A lot of people still pile in and start writing code instead of planning it.
If you fail to plan, you plan to fail.
True.
Although, I do tend to write code before I finalize a plan: I create separate test cases to check the key parts and algorithms of the core logic, to make sure the plan I'm planning on is on a solid ground. I usually learn a lot about it in the progress, and end up rewriting the part anyway in the actual project, so one could consider it wasted effort, but I don't mind: understanding the key parts of the algorithm is worth the time and effort spent to me.
Example:
In certain types of molecular dynamic simulations, temperature control is implemented by simply scaling particle velocities. This works well for bulk, but for small independent clusters, the initial random velocities do not cancel out perfectly, and the temperature control just makes them rotate faster. In some cases this is okay, in others it is unwanted. So, one solution is to determine the particles that form such clusters, and dampen their rotation.
How exactly do you determine which atoms are part of a cluster, when you have some kind of gas permeating the simulation volume? You might use rules of thumb, but they'll likely fail. If the simulation is about growing clusters in a very low density hot gas (a very common real life case), atoms are constantly aggregating into the cluster. In fact, you don't even know how many clusters you have in the simulation. Asking the human to select the atoms in the cluster is not viable, since simulations tend to be run on HPC clusters in queues, not interactively.
It turns out there is a trivial solution that costs very little. It is based on the
disjoint-set data structure. Basically, before each time step, you initialize the disjoint set (with an unique integer for each atom, basically numbering them). Then, when you calculate pairwise interactions –– these simulations almost always use classical potential models, not quantum mechanical ones –– you merge any sets that are within a cut-off distance, approximating covalent and ionic bonds. (You can do a more precise rule, based on potential energies and the force between the pair of atoms, but it turns out to not be necessary for this.)
At the end of the time step, you flatten the disjoint set paths, and you end up with a cluster identifier for each individual atom.
To implement this, you wouldn't just start modifying your favourite simulator like
Gromacs or
LAMMPS –– both are open source, so you're definitely allowed to. Or, well, you'd start by experimenting and testing, before formulating a plan.
Without a plan, just making changes that seem to produce the results you want, you're risking the results of all simulations done by the modified version!
After doing the initial tests so you roughly know where to add or modify the stuff needed, you write a plan.
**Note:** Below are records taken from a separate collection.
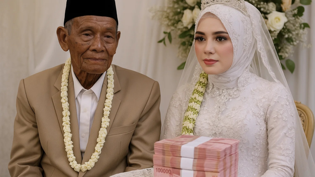 इंडोनेशिया से एक बेहद अनोखी और चर्चा में रहने वाली शादी की खबर सामने आई है. यहां एक 74 वर्षीय बुजुर्ग व्यक्ति ने 24 साल की युवती से शादी की है, यानी दोनों के बीच पूरे 50 साल का उम्र का फासला है. लेकिन इस शादी को लेकर लोगों का ध्यान सिर्फ उम्र के अंतर के कारण नहीं खिंचा, बल्कि इसलिए भी क्योंकि बुजुर्ग दूल्हे ने अपनी दुल्हन के परिवार को तीन अरब इंडोनेशियाई रुपिया (लगभग ₹1.8 करोड़) की दुल्हन कीमत दी).
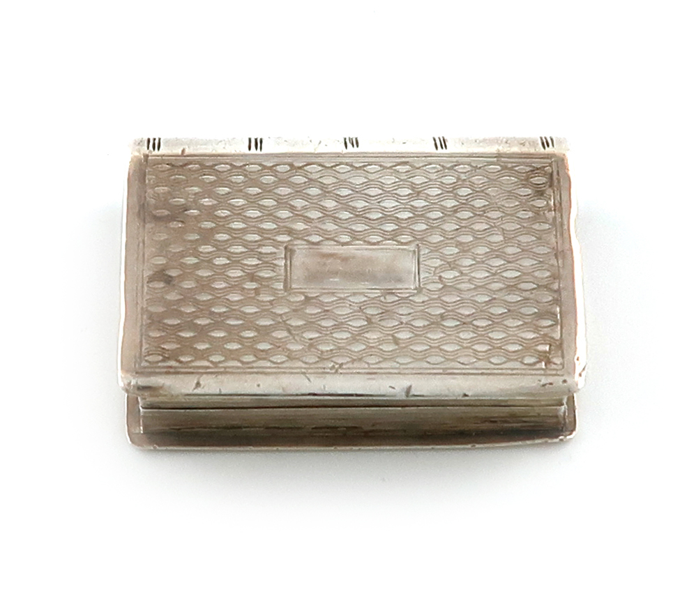 rectangular form, engine-turned decoration, reeded spine, the interior with a silver-gilt filigree grille, length 3.3cm, approx. weight 0.5oz.
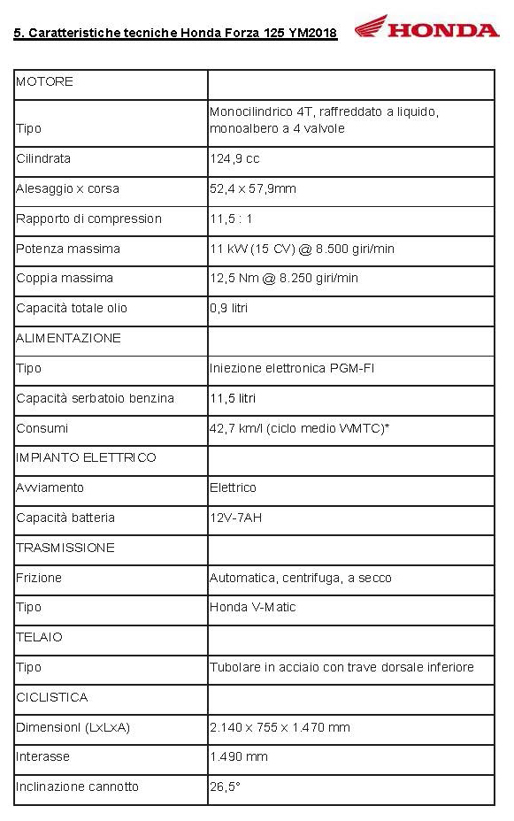 Gli ingredienti principali della ricetta vincente del Forza 125 restano invariati: un motore a 4 valvole che unisce prestazioni al top della categoria ad una eccezionale economicità dei consumi, l’efficiente sistema Start&Stop, un telaio tutto nuovo ma sempre leggero e bilanciato, e un equipaggiamento premium senza paragoni, con luci full-LED, sistema Smart-Key, vano sottosella per due caschi integrali ed elevato comfort per pilota e passeggero
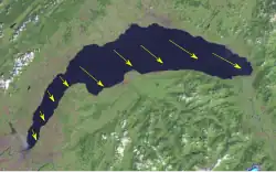 C'est un vent imprévisible qui peut s'abattre avec fougue sur le lac. Ce front de rafales est caractérisé au début par de brusques et fortes rafales avant de se régulariser. Les signes avant-coureurs sont notamment la formation de cellules orageuses sur les crêtes du Jura. Pouvant atteindre plus de 100 km/h[2], il est très redouté des navigateurs.
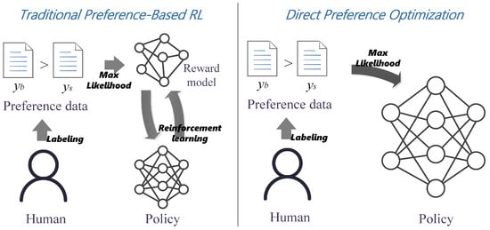 - Rafailov, R.; Sharma, A.; Mitchell, E.; Manning, C.D.; Ermon, S.; Finn, C. Direct preference optimization: Your language model is secretly a reward model. In Proceedings of the Advances in Neural Information Processing Systems, New Orleans, LA, USA, 10–16 December 2023. [Google Scholar]
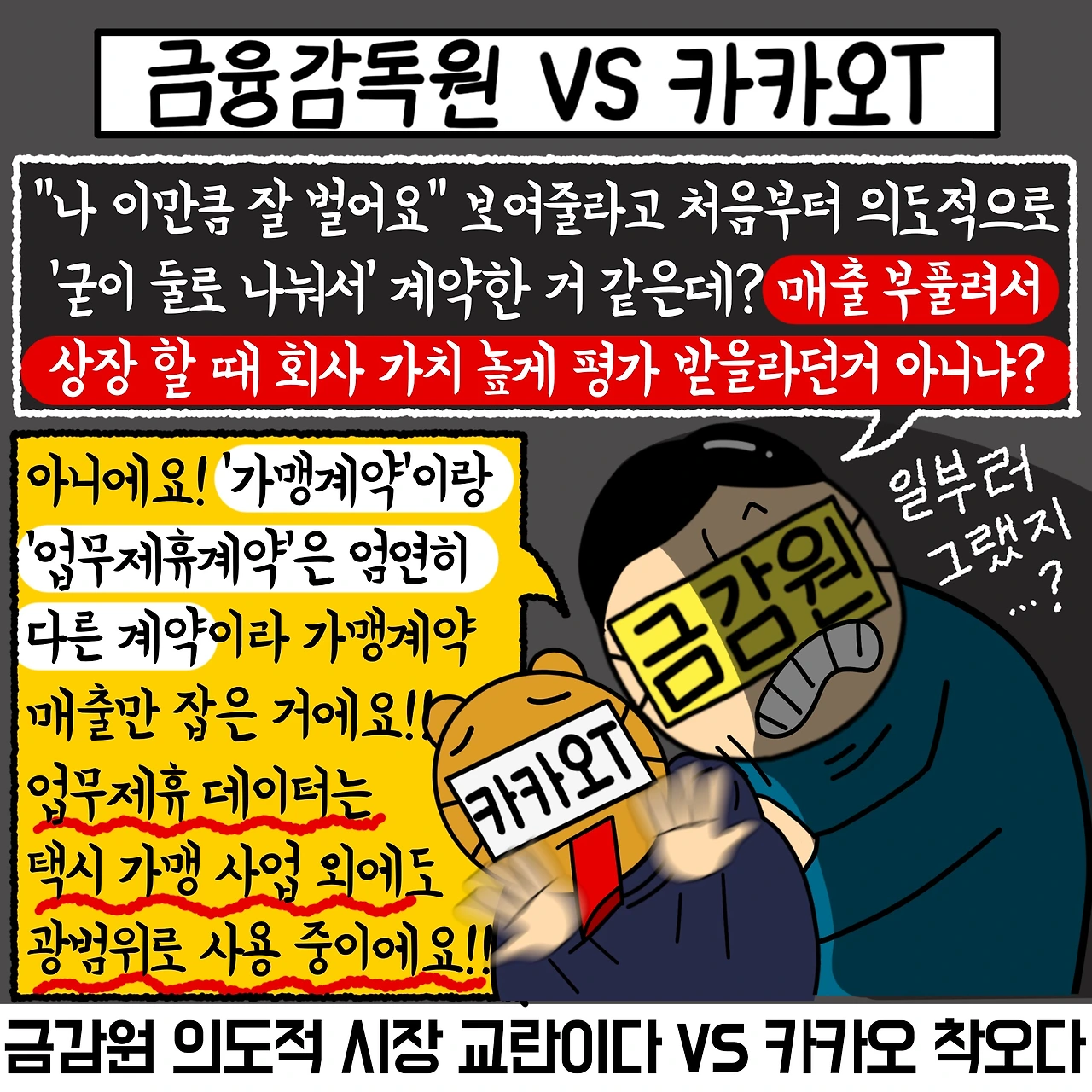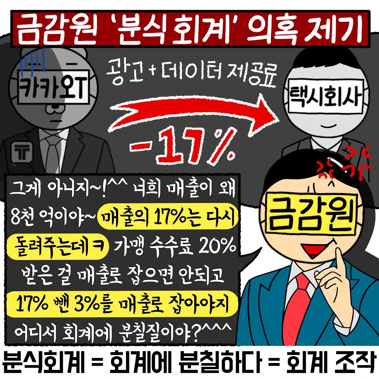 여기서 문제가 발생하게 됩니다. 금감원은 카카오T에게 “분식회계” 의혹을 제기합니다. 분식회계란 ‘회계에 분칠했다’는 의미로, 회계 조작을 의미합니다.
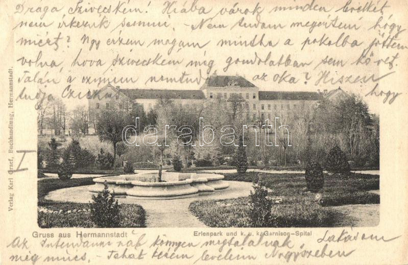 Nagyszeben, Hermannstadt, Sibiu; Erlenpark, K. u. K. Garnisonspital / ... https://www.darabanth.com/de/297-Fernauktion/297.0/Ansichtskarten/Siebenburgen~8/Nagyszeben-Hermannstadt-Sibiu-Erlenpark-K-u-K-Garnisonspital-park-katonai-korhaz-kiadja~II1465238
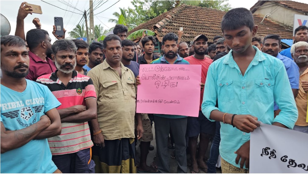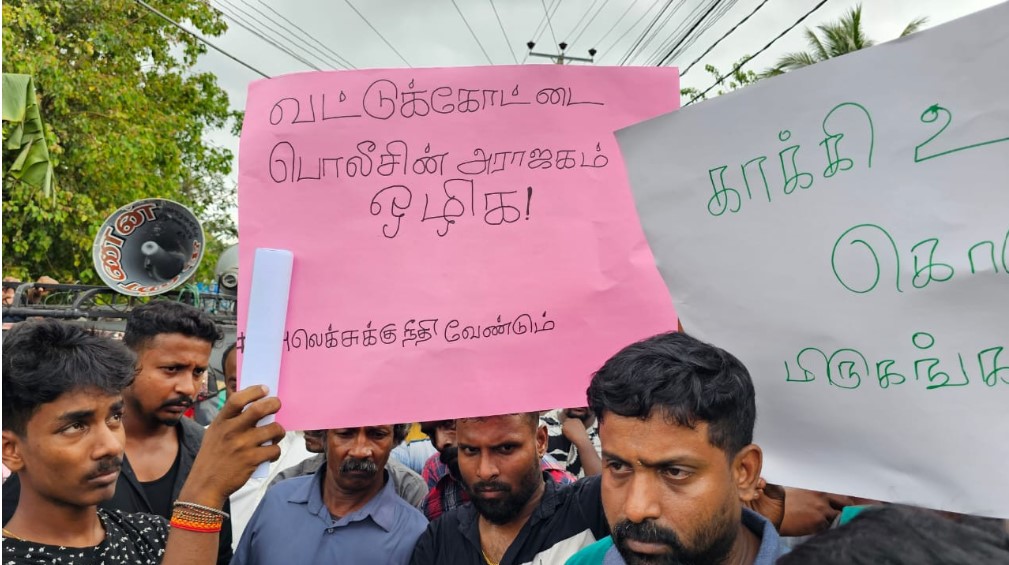 வட்டுக்கோட்டை காவல்துறையினரின் தாக்குதலுக்கு உள்ளாகி உயிரிழந்த இளைஞனுக்கு நீதி கோரி சித்தங்கேணி சந்தியில் சடலத்துடன் மக்கள் போராட்டத்தில் ஈடுபட்டு வருகின்றனர்.

Then, you check the plan against the logic of the existing simulator, perhaps talk to the developers on the mailing list for confirmation, and only *then* do you start implementing the actual changes.
Now, this may sound like a lot of work. Thing is,
it actually saves total effort. (At least if we count in the efforts spent to debug willy-nilly made changes and the ensuing erroneous results and other users' efforts in finding why.)
I do not treat scientific simulations any differently than I do normal applications. I do not want my applications to silently garble or lose data; at minimum, I want them to tell me whenever they detected something unexpected. Having them do retries and workarounds is a plus. None of this is really
hard; it just takes developers that
care.